I have never liked practical jokes for just these reasons; making someone think something horrible has happened is never funny, in my opinion (see: Shannen Doherty’s miserable show, “I killed your mother - ha ha! Made you look!”)
To me, a child of the 70s, it was probably just a way to give the kids something to do instead of panicing. I know not wanting to panic the masses was a big thing among TPTB in the 30s & 40s, just look at what passed for tornado preparedness at the time. Authorities were adverse to issuing tornado warnings because they felt that it would incite panic, they reasoned that the effect of panicing masses would be worse than the tornado itself.
Pardon a Yankee-libby WAG here? Maybe this was an outgrowth of some kind of old-time fire-and-brimstone emotional whoopass brought on by hate and fear of the modern secular world, and perhaps some elements of a) fantasized military-type training as a response to that world and b) the powerless feeling of a group of teachers who, just briefly, got to experience power?
My stereotype of traditional southern white culture is that reverence for one’s elders, the military, and God inform nearly everydamnthing folks do, and that there is a great temptation to overapply those principles at the expense of others.
I thought that was supposed to be the barrel-equivalent of throwing explosives into a river–the fish all die and float up to the top, whereupon you collect them all easily. No?
(I hereby do not endorse throwing explosives into rivers, or shooting fish in a barrel.)
well, it seems to me that you either hit a fish or miss. If you hit a fish, you’ve (probably) killed it. if you miss, you’ve put a hole in the barrel from which the water will escape and then the fish are left waterless.
Even if you kill the fish with the pressure wave as you suggest, the bullet is probably not actually going to hit them, so you are not technically speaking shooting them.
This has never struck me as a great analogy, since I think actually hitting a fish swimming around in a barrel with a bullet would be pretty tough. “Shooting apples in a barrel” would be better.
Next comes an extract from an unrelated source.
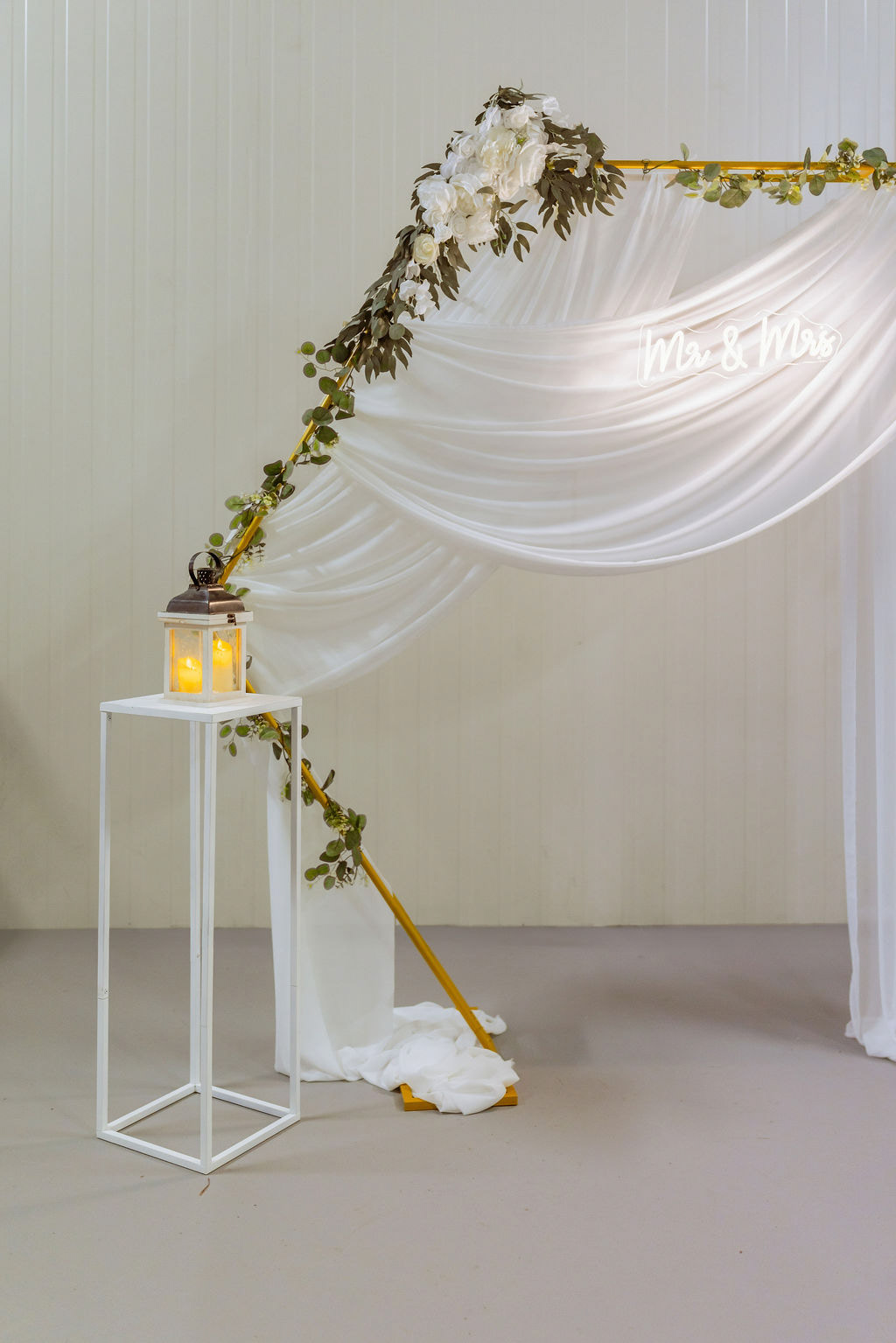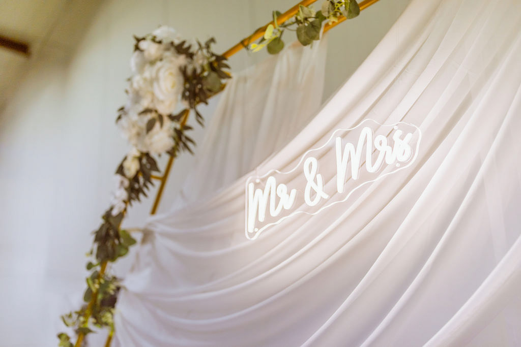 Asymetrické aranžmá látky spolu s decentní květinovou dekorací vytváří přirozené a fotogenické pozadí, které krásně vynikne jak na svatebních portrétech novomanželů, tak na společných fotografiích s hosty. Světelné doplňky dodávají stěně jemnou atmosféru a podtrhují slavnostní charakter okamžiku.

I see a few posts above saying it’s just a bunch of teachers involved and asking why nobody checked with an administrator. Isn’t a Vice-Principal an administrator? One such individual was involved, according to the linked report.
When I first heard this story, I was only slightly annoyed because I assumed this was some kind of drill for which the students had been trained, but it was not. In the schools own press release they refer to it no less than five or six times as a prank. They justify themselves by saying that the teacher “made comments about this coming prank on several occasions that week.” So basically, the students should have known better than to be scared. If a gunman ever does decide to show up at that scool, those teachers can look forward to many students who are not willing to fall for the same “prank” again.